(Excerpts from a dataset)
──────────────────────────────
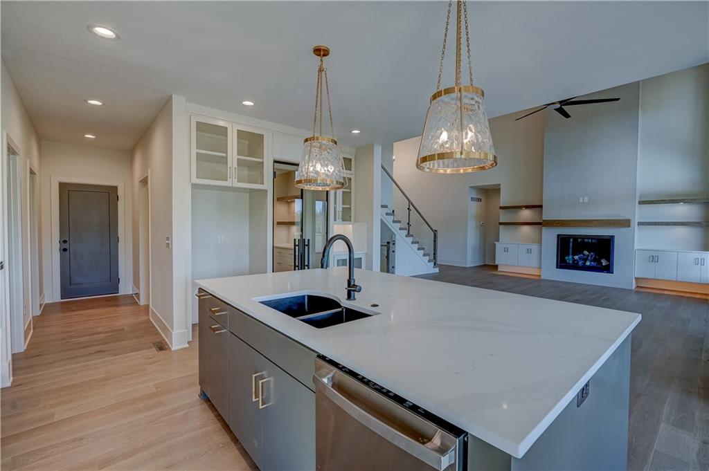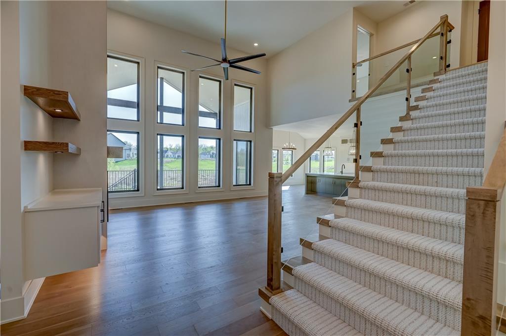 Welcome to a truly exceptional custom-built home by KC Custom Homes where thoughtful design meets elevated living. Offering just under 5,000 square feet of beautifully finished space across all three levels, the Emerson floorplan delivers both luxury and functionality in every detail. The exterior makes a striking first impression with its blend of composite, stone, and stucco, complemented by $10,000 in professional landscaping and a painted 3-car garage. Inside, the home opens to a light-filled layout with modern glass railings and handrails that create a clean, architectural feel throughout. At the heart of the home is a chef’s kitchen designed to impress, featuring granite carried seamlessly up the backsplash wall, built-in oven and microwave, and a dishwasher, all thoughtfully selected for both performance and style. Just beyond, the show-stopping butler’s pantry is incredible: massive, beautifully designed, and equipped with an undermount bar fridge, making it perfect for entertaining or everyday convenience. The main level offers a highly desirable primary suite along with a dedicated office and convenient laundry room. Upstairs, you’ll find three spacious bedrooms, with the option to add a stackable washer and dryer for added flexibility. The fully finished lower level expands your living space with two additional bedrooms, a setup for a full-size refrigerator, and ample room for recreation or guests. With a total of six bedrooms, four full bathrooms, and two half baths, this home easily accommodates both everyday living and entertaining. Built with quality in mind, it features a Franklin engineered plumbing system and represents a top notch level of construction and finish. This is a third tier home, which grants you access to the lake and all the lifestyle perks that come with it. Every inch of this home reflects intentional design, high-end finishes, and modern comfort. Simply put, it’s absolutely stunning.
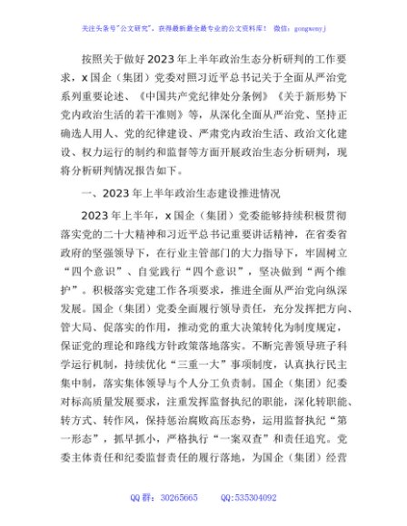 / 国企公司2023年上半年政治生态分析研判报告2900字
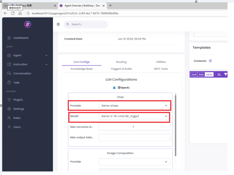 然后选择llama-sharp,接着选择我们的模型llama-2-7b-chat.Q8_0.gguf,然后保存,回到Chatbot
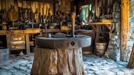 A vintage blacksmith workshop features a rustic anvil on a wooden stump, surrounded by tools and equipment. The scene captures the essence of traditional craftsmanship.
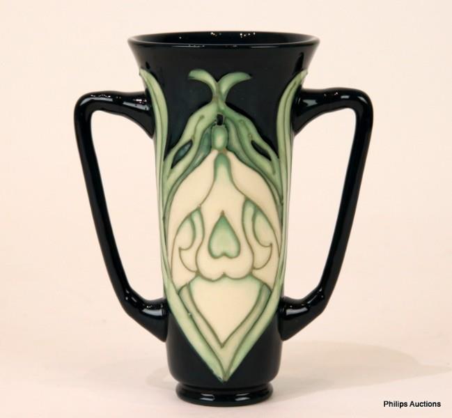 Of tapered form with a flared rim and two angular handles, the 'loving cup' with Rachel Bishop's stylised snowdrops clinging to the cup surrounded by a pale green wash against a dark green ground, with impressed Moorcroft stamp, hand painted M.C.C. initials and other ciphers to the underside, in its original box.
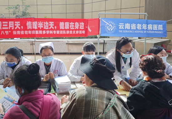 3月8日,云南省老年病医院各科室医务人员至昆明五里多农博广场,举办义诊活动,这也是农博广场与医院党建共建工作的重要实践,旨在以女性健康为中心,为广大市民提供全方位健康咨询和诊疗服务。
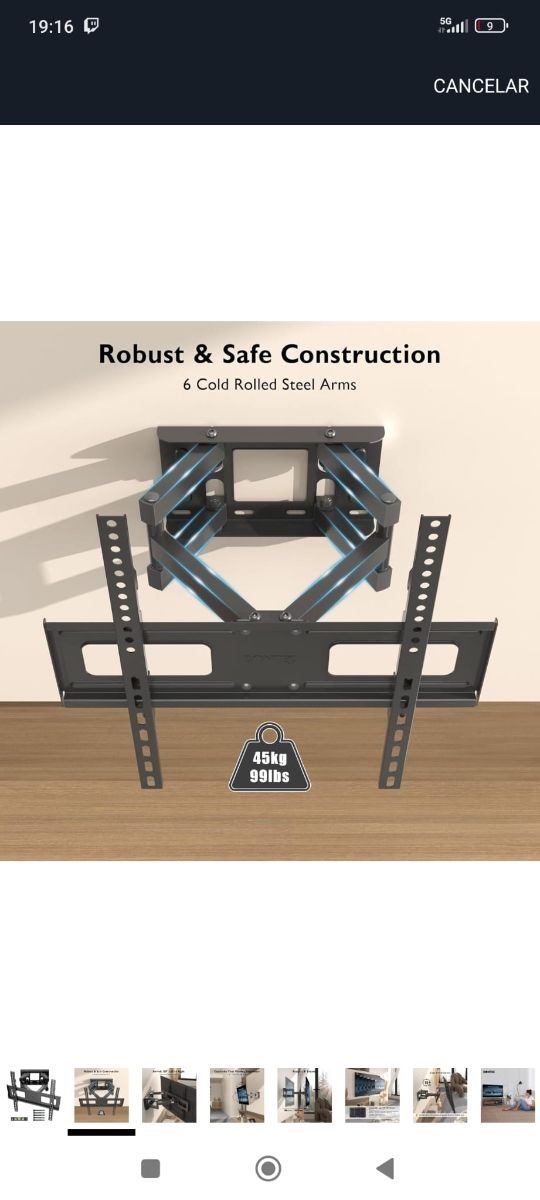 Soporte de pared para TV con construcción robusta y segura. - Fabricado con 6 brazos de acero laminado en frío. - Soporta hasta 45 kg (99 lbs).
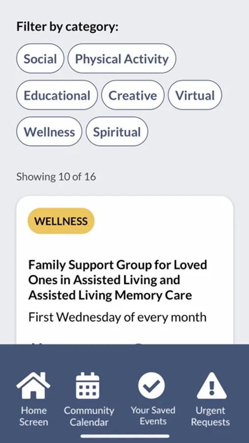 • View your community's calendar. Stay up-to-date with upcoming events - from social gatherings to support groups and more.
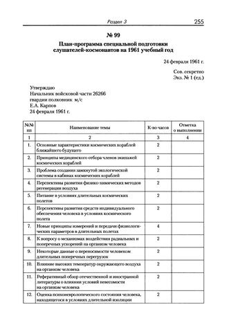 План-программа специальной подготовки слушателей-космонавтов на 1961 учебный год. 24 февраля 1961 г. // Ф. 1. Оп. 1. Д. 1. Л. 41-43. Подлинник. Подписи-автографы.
──────────────────────────────
### ABOUT THIS TASK
Among the entries above, take the lines from the one with "Of tapered form" through the one with "Soporte de pared" and retype them exactly, leaving out the pictures.

### COMPLETED EXERCISE
 Of tapered form with a flared rim and two angular handles, the 'loving cup' with Rachel Bishop's stylised snowdrops clinging to the cup surrounded by a pale green wash against a dark green ground, with impressed Moorcroft stamp, hand painted M.C.C. initials and other ciphers to the underside, in its original box.
 3月8日,云南省老年病医院各科室医务人员至昆明五里多农博广场,举办义诊活动,这也是农博广场与医院党建共建工作的重要实践,旨在以女性健康为中心,为广大市民提供全方位健康咨询和诊疗服务。
 Soporte de pared para TV con construcción robusta y segura. - Fabricado con 6 brazos de acero laminado en frío. - Soporta hasta 45 kg (99 lbs).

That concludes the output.